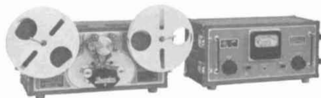
the X-400 from $985.00

INTERNATIONAL LEADERS IN THE DESIGN AND MANUFACTURE OF QUALITY MAGNETIC FILM RECORDING DEVICES
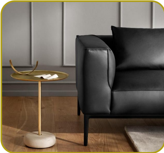
Orai- ORI300- 3 Seater Soft, Leather

In accordance with EN 15804+A2 and ISO 14040 / ISO 14044
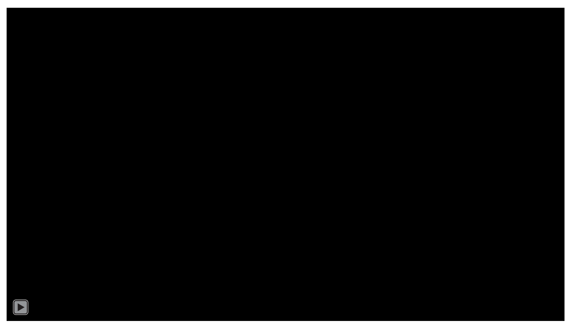
Video: The Fight for Multiracialism (Produced by Nexus, 2017)
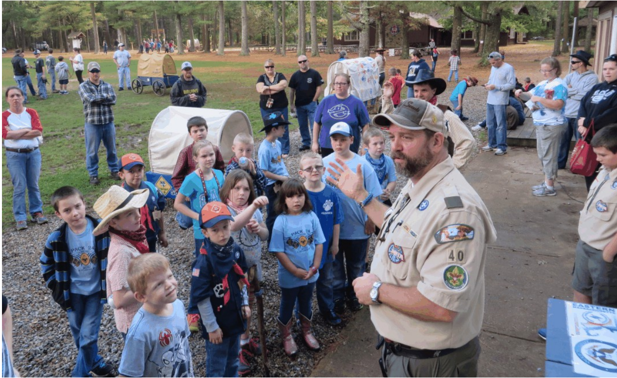
Another group on the way in
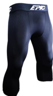
BLACK COMPRESSION TIGHTS
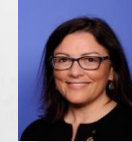
Suzan DelBene WA-01
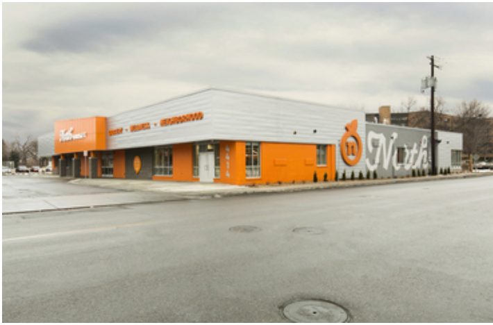
Design & Aesthetics Renovation/Remodel: Exterior Retail under 20,000 SF North Market ~ Minneapolis
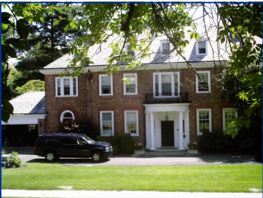
Georgian Revival– Westerly Terrace

Georgian Revivals, Tutor, Dutch Colonial and Colonial styles of housing are found in the Blue Hills neighborhood.
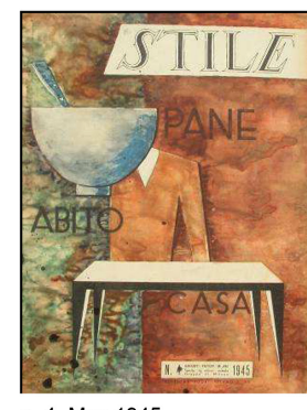
n. 4, May 1945
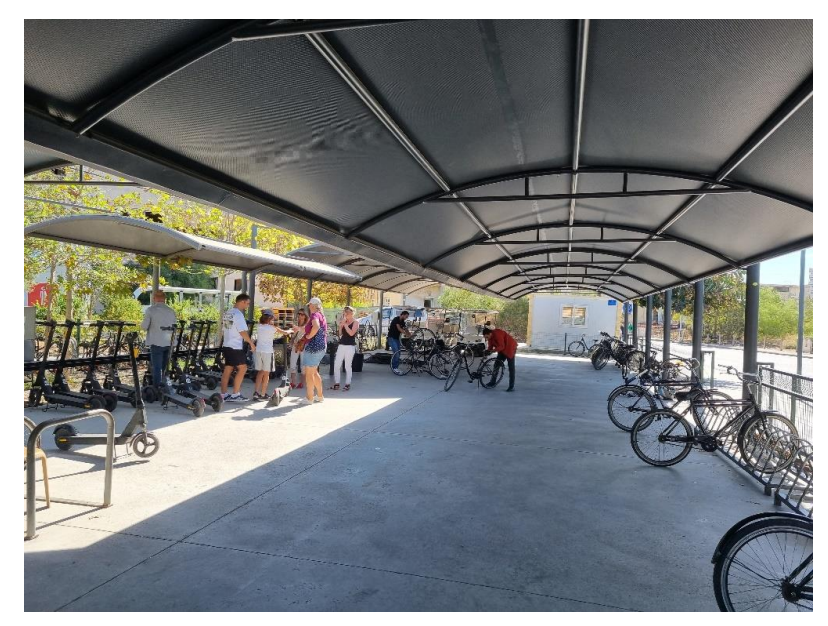
Figure 4. Bicycle rental area at the entrance of Closed Varosha.
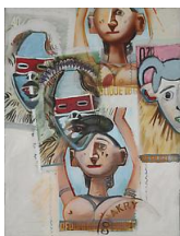
Larry Rivers Mixed Patriotic Stamps , 1976 Oil on canvas 48 x 46 in
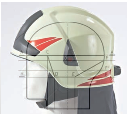
HEROS-xtreme: Full shell
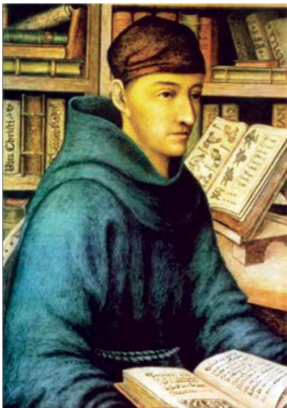
Figure 4 Fray Bernardino de Sahagún

during which Psilocybe specimens are ingested a pair at a time must comply with a series of precepts, including fasting and abstinence from sex and alcohol. The ritual takes one night to perform and mushrooms must be placed on an altar and purified with tobacco and incense. This will let the shaman diagnose and treat participants' illnesses.
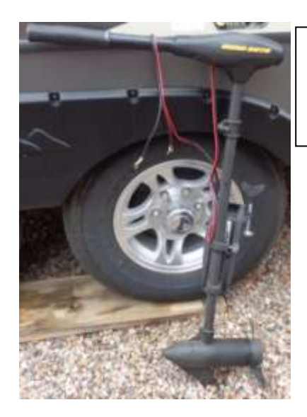
TROLLING MOTOR: Minnkota 5 speed w/Marine Deep Cycle Battery, 30 lb. thrust
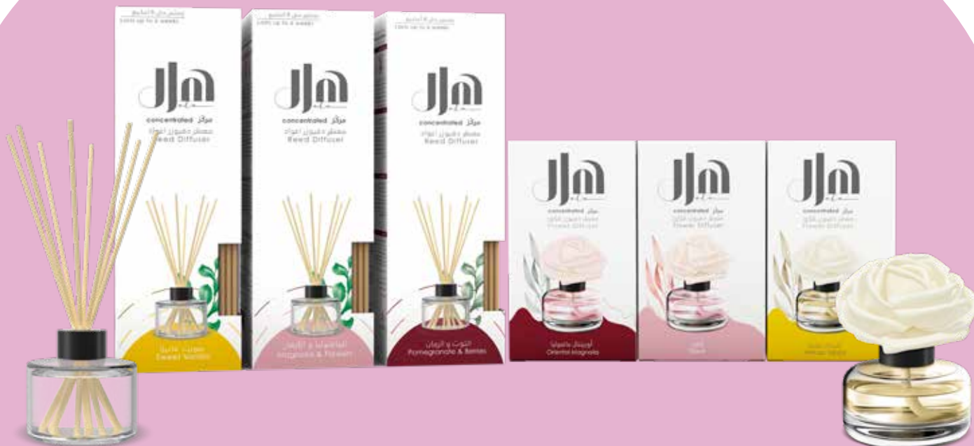
Hala Diffuser Reeds Sweet Vanilla Size: 100ml

This range contains three different fragrances, each of them has its own interesting features.
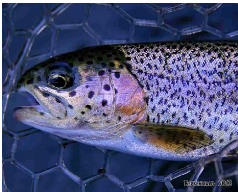
Chattahoochee tailwater rainbow trout
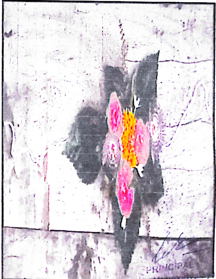
...रा RAKSM bandhan (R...)
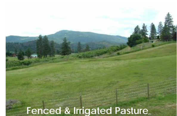
Fenced & Irrigated Pasture
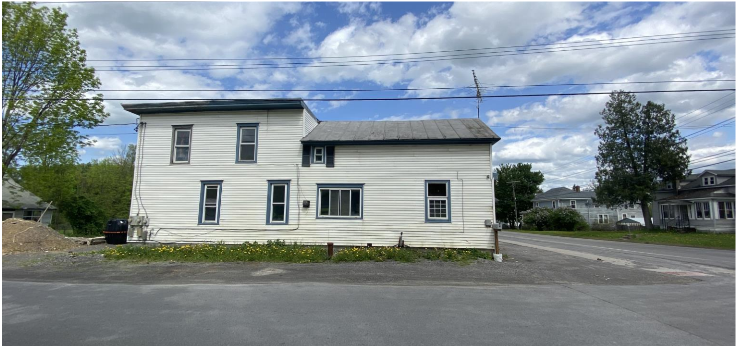
Exterior West Side
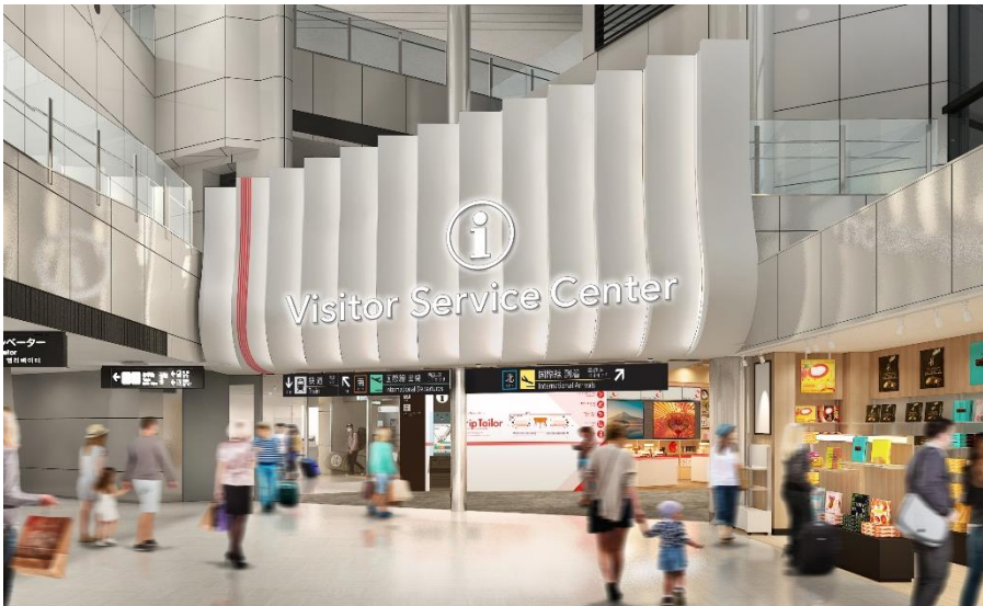
Illustration of the completed facility (view of entrance from the arrival lobby)

Narita International Airport Corporation (NAA) is delighted to announce plans for the opening of the Visitor Service Center , a new facility on the arrival level in Terminal 1 designed to improve convenience for the increasing number of visitors to Japan by providing one-stop information and services to offer a greater sense of reassurance and comfort during their stay in Japan.
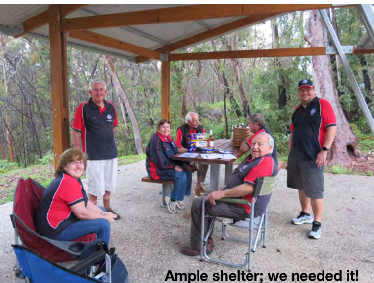
Ample shelter; we needed it!

Despite the changing weather conditions throughout the day, it turned out to be a great outing, enabling us to catch up after about 5 months of lockdown with
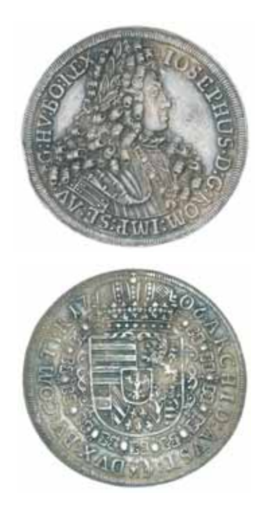
1937* Austria, Joseph I, thaler, 1706 Hall Mint (Dav.1018; KM.1438.1). Toned, nearly extremely fine. $200
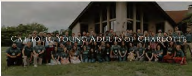
CATHOLIC YOUNG ADULTS OF CHARLOTTE
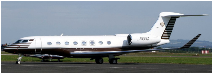
N288Z Gulfstream G650
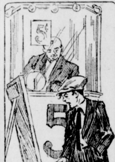
Equipped With This Collation Penrod Contributed His Remaining Nickel to a Picture Show.

Equipped with this collation Penrod contributed his remaining nickel to a picture show, contented upon the seventh day by the legal but not the moral authorities. Here, in cozy darkness, he placidly insulted his liver with jawbreaker upon jawbreaker from the paper sack and in a surfeit of content watched the silent actors on the screen.
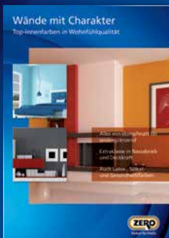
High-performance paints for walls and ceilings – to suit all requirements
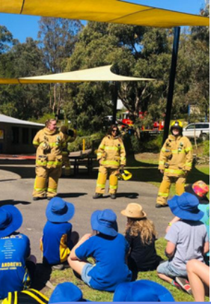
Drills with the CFA
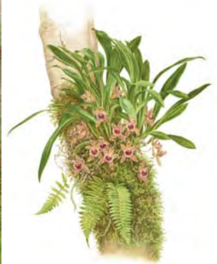
Kefersteinia koechlinorum 'Denise'
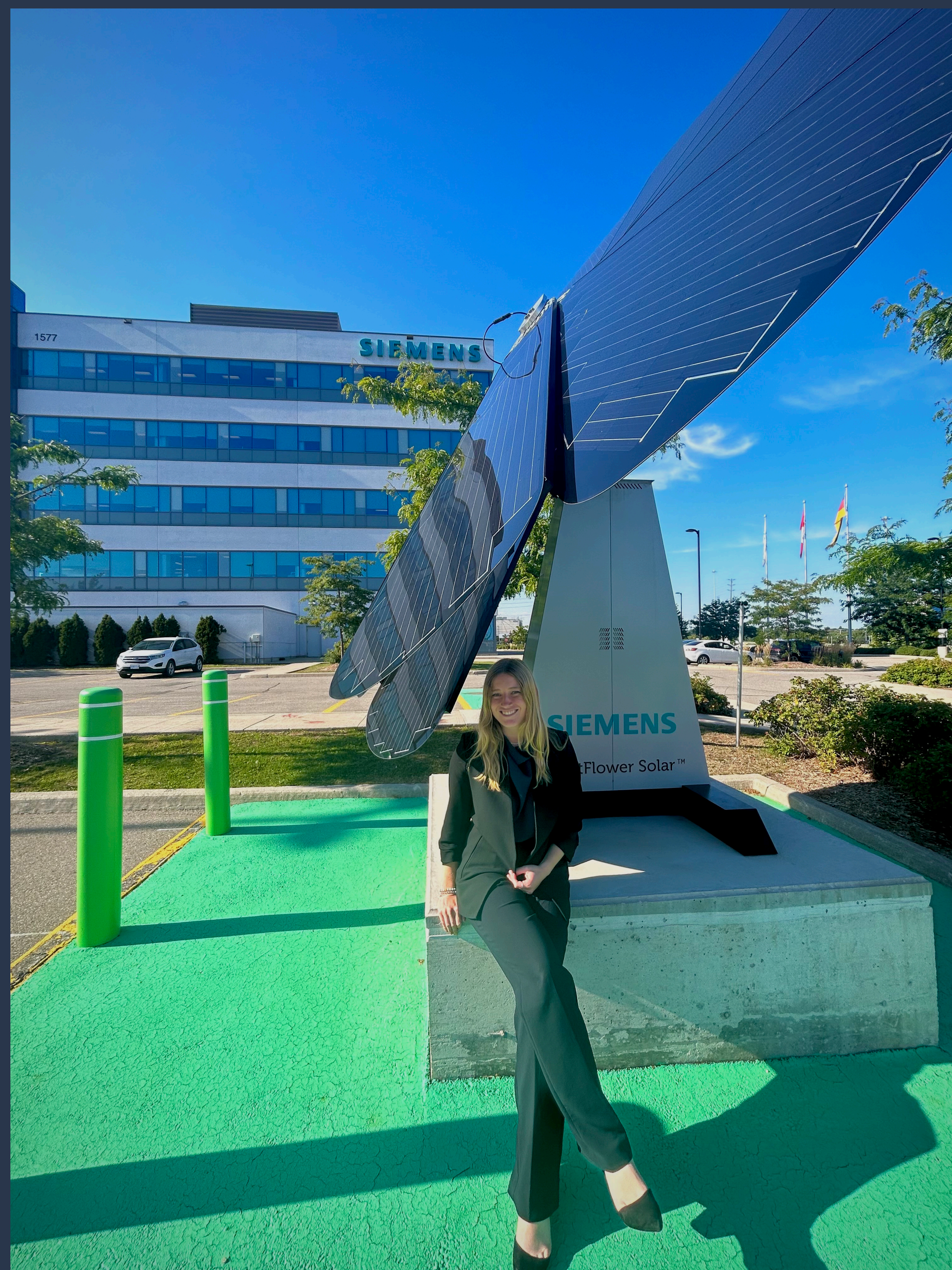
Siemens Smartflower Microgrid
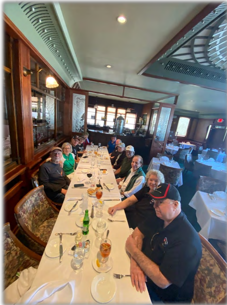
Lunch at Vintage Press following St. Patrick's Day Parade Visalia, California
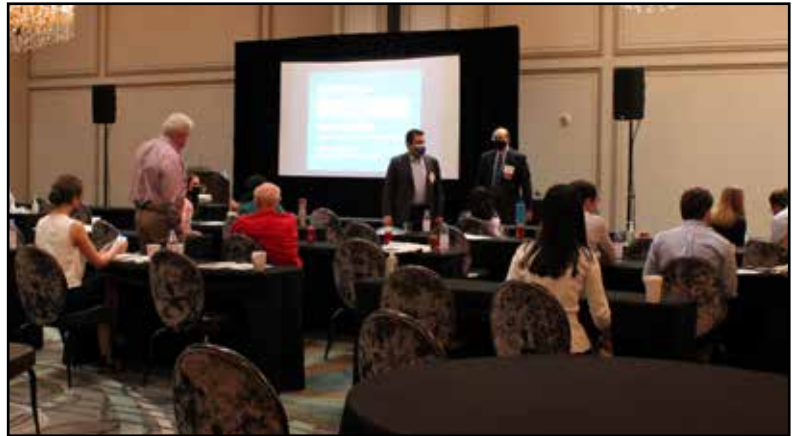
More than 65 gathered for AAN's 2021 conference in August at the Grand Bohemian Hotel in Mountain Brook.
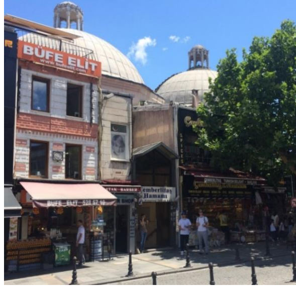
Figure 2. Çemberlitaş Bathhouse

The structural, functional and traditional features of Çemberlitaş Bath was determined that it tried to survive as a traditional Turkish Bath with a deep-rooted historical background. Çemberlitaş Bath is an aesthetic structure that responds to the domed silhouette of Atik Ali Pasha Mosque with its magnificent domes. This situation shows that Mimar Sinan was also a good city planner. However, Çemberlitaş Bath is now surrounded by additions serving as shops. The bath, which was used for disinfection purposes during the First World War, was used as a restaurant and carpet store until 1988 and continued to serve as a bathhouse as of 1988. “Çemberlitaş” is a bath that attracts the attention of foreign tourists mainly due to its historical and traditional nature.

- - -

» EXERCISE INSTRUCTIONS: Write out each line of the listing above, exactly, from its first line to the line holding "Despite the changing", inclusive. Skip the pictures.

» RESPONSE:
the X-400 from $985.00

INTERNATIONAL LEADERS IN THE DESIGN AND MANUFACTURE OF QUALITY MAGNETIC FILM RECORDING DEVICES
Orai- ORI300- 3 Seater Soft, Leather

In accordance with EN 15804+A2 and ISO 14040 / ISO 14044
Video: The Fight for Multiracialism (Produced by Nexus, 2017)
Another group on the way in
BLACK COMPRESSION TIGHTS
Suzan DelBene WA-01
Design & Aesthetics Renovation/Remodel: Exterior Retail under 20,000 SF North Market ~ Minneapolis
Georgian Revival– Westerly Terrace

Georgian Revivals, Tutor, Dutch Colonial and Colonial styles of housing are found in the Blue Hills neighborhood.
n. 4, May 1945
Figure 4. Bicycle rental area at the entrance of Closed Varosha.
Larry Rivers Mixed Patriotic Stamps , 1976 Oil on canvas 48 x 46 in
HEROS-xtreme: Full shell
Figure 4 Fray Bernardino de Sahagún

during which Psilocybe specimens are ingested a pair at a time must comply with a series of precepts, including fasting and abstinence from sex and alcohol. The ritual takes one night to perform and mushrooms must be placed on an altar and purified with tobacco and incense. This will let the shaman diagnose and treat participants' illnesses.
TROLLING MOTOR: Minnkota 5 speed w/Marine Deep Cycle Battery, 30 lb. thrust
Hala Diffuser Reeds Sweet Vanilla Size: 100ml

This range contains three different fragrances, each of them has its own interesting features.
Chattahoochee tailwater rainbow trout
...रा RAKSM bandhan (R...)
Fenced & Irrigated Pasture
Exterior West Side
Illustration of the completed facility (view of entrance from the arrival lobby)

Narita International Airport Corporation (NAA) is delighted to announce plans for the opening of the Visitor Service Center , a new facility on the arrival level in Terminal 1 designed to improve convenience for the increasing number of visitors to Japan by providing one-stop information and services to offer a greater sense of reassurance and comfort during their stay in Japan.
Ample shelter; we needed it!

Despite the changing weather conditions throughout the day, it turned out to be a great outing, enabling us to catch up after about 5 months of lockdown with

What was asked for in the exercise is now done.